COLLECTED MATERIAL START

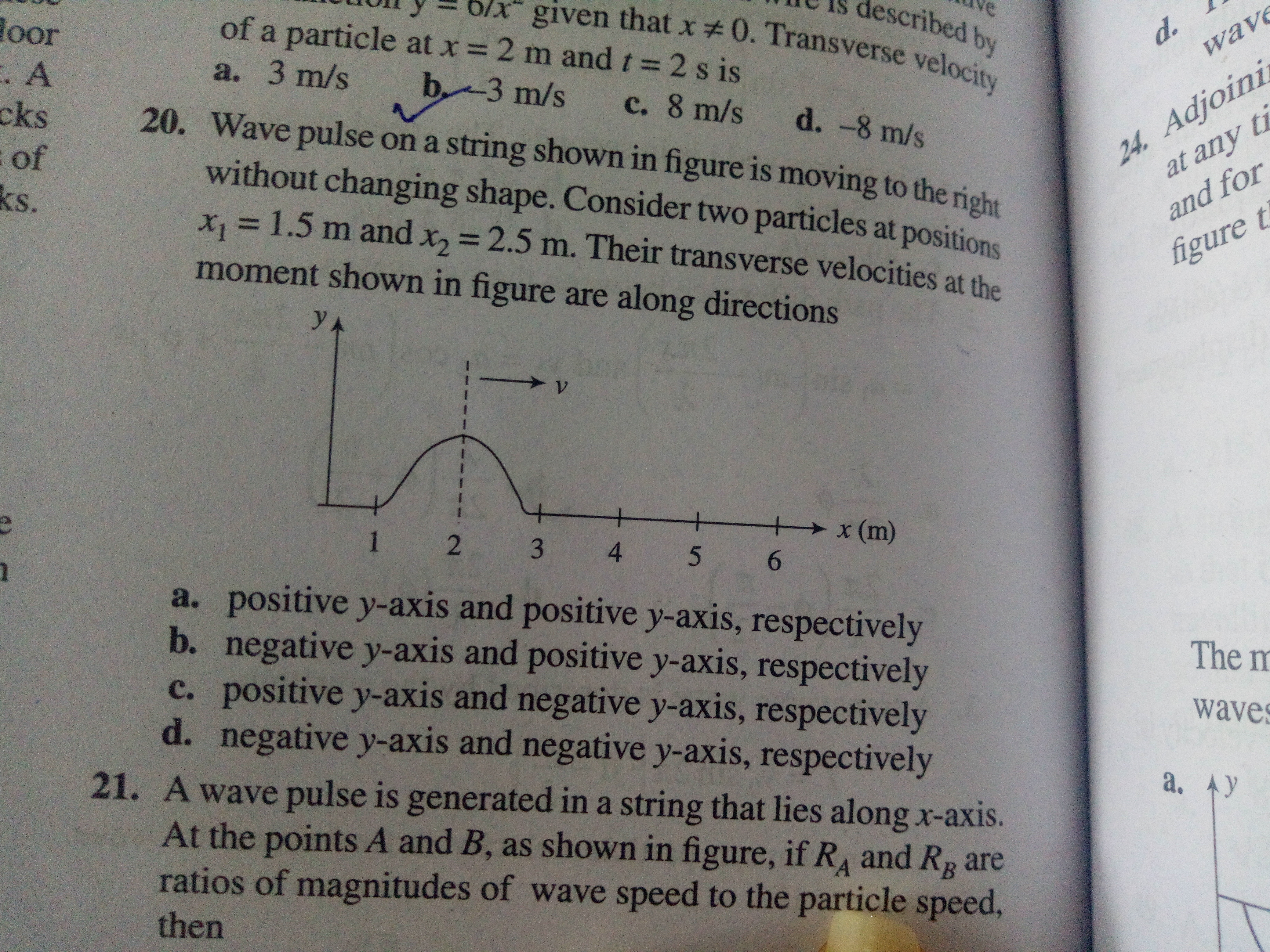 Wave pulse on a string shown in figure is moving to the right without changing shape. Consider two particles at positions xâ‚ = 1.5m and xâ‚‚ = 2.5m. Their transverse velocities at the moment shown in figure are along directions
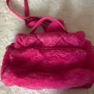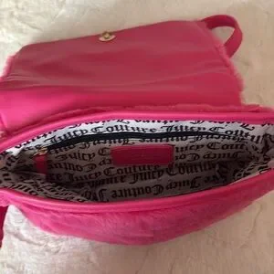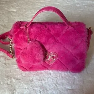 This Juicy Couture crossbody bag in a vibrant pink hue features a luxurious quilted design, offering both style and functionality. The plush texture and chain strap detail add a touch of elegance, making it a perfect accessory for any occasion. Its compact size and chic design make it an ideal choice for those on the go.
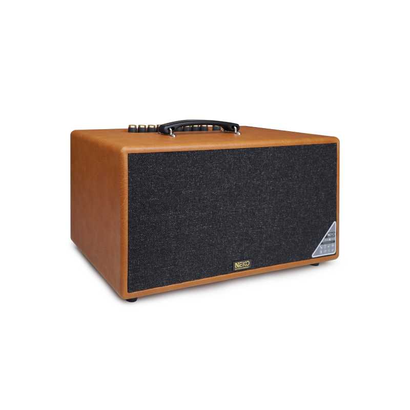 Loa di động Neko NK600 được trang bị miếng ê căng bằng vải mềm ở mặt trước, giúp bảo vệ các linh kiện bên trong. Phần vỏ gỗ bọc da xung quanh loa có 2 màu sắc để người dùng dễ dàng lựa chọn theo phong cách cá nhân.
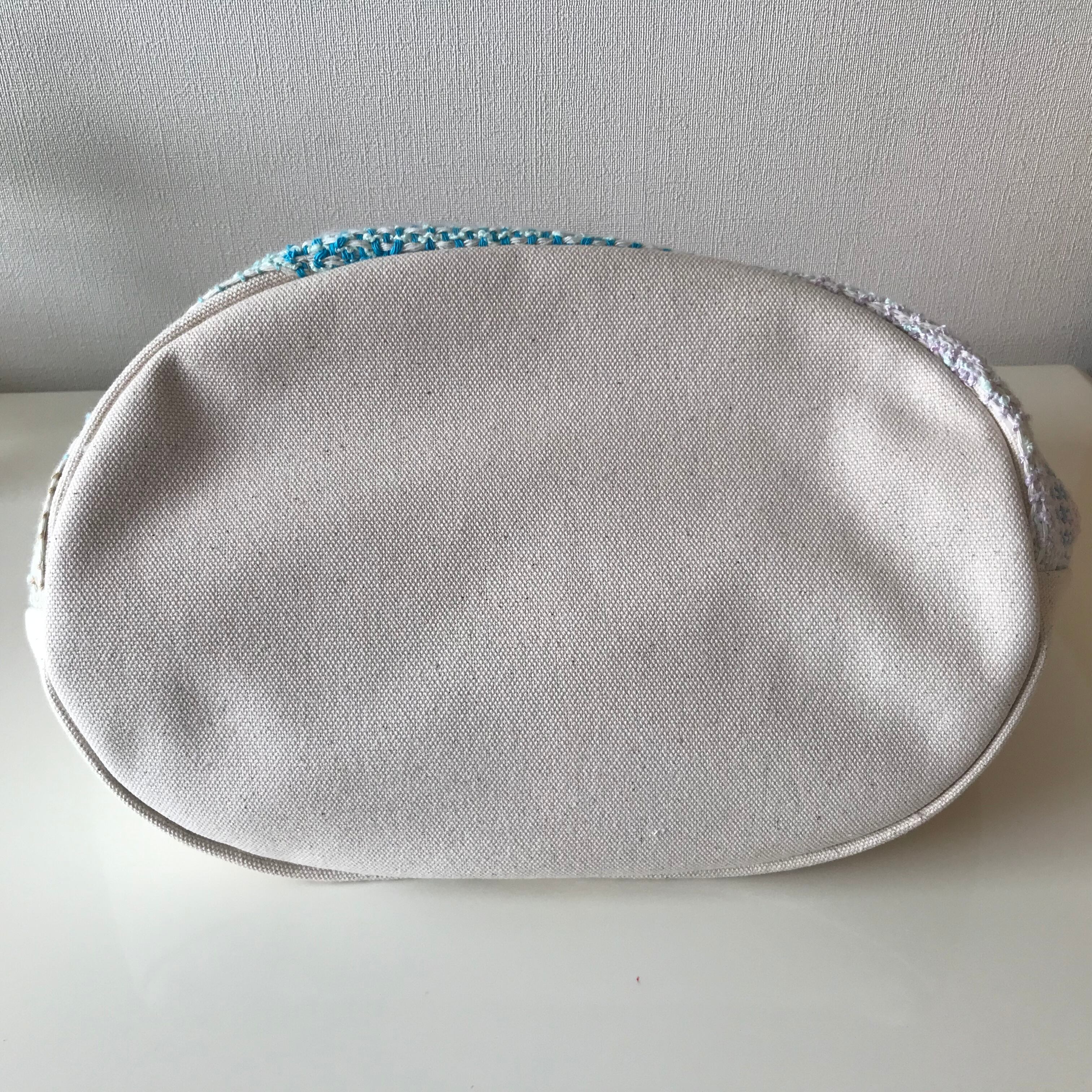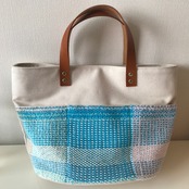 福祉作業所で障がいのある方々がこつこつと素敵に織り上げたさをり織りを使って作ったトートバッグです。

COLLECTED MATERIAL END

(GOAL OF THE EXERCISE)
I would like the data copied exactly as it stands, with no pictures included.

(SOLUTION TO THE EXERCISE)
 Wave pulse on a string shown in figure is moving to the right without changing shape. Consider two particles at positions xâ‚ = 1.5m and xâ‚‚ = 2.5m. Their transverse velocities at the moment shown in figure are along directions
 This Juicy Couture crossbody bag in a vibrant pink hue features a luxurious quilted design, offering both style and functionality. The plush texture and chain strap detail add a touch of elegance, making it a perfect accessory for any occasion. Its compact size and chic design make it an ideal choice for those on the go.
 Loa di động Neko NK600 được trang bị miếng ê căng bằng vải mềm ở mặt trước, giúp bảo vệ các linh kiện bên trong. Phần vỏ gỗ bọc da xung quanh loa có 2 màu sắc để người dùng dễ dàng lựa chọn theo phong cách cá nhân.
 福祉作業所で障がいのある方々がこつこつと素敵に織り上げたさをり織りを使って作ったトートバッグです。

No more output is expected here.